There's also this weird bit in which Abbott keeps insisting that DABUS' creations are at the direction of Thaler, but Thaler says Abbott is wrong, and that misunderstanding is... kind of a big deal if Abbott is running around to various copyright and patent boards, and in various courts around the world, misrepresenting the reality of the situation that his client is in:
Abbott says the coverage of the cases-influenced by the district court's vagueness-has been quite confused, with a misguided focus on DABUS's autonomy. He emphasizes that he is not arguing that an AI should own a copyright, 3D printers-or scientists employed by a multinational, for that matter-create things, but don't own them. He sees no legal difference between Thaler's machine and someone asking Midjourney to make me a picture of a squirrel on a bicycle."
The autonomous statement was that the machine was executing the traditional elements of authorship, not that it crawled out of a primordial ooze, plugged itself in, paid a ton of utility bills and dropped out of college to do art," he says. And that is the case with any number of commonly used generative AI systems now: The machine is autonomously automating the traditional elements of authorship."
Thaler directly contradicts Abbott here. He says that DABUS is not taking any human input; it's totally autonomous. So I probably disagree with Abbott a little bit about bringing in all these AI tools, you know, text to image and so forth, where you've got a human being that is dictating and is hands on with the tool," he says. My stuff just sits and contemplates and contemplates and comes up with new revelations that can be, you know, along any sensory channel."

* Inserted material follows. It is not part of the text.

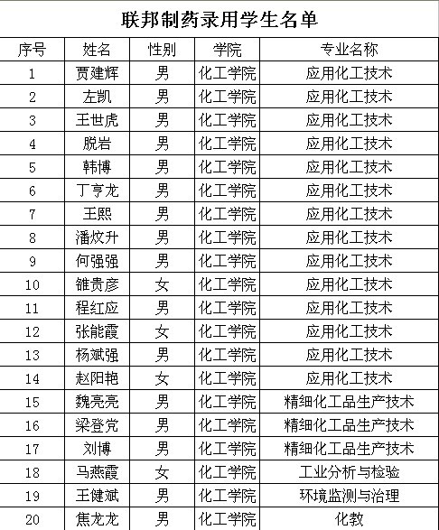 联邦制药集团录取学生名单

Anyway, the article is really fascinating, and there are a bunch of good quotes in there from law professor Matthew Sag who is always good on this topic, including: The bottom line is that we don't need AI inventors to patent the outcomes of emergent processes." And also: I don't even really know where to begin, other than to say, if there is a sentient AI on the planet currently, it's definitely not this."
Still, the real story here seems to be about a very confused British academic lawyer, who doesn't understand how patents and copyrights work to incentivize things (and when they limit creativity and innovation), and an equally confused inventor who seems to think that filing bogus lawsuits that he doesn't even really agree with is a good way to tell the world about his AI which he claims is sentient, even though it's not.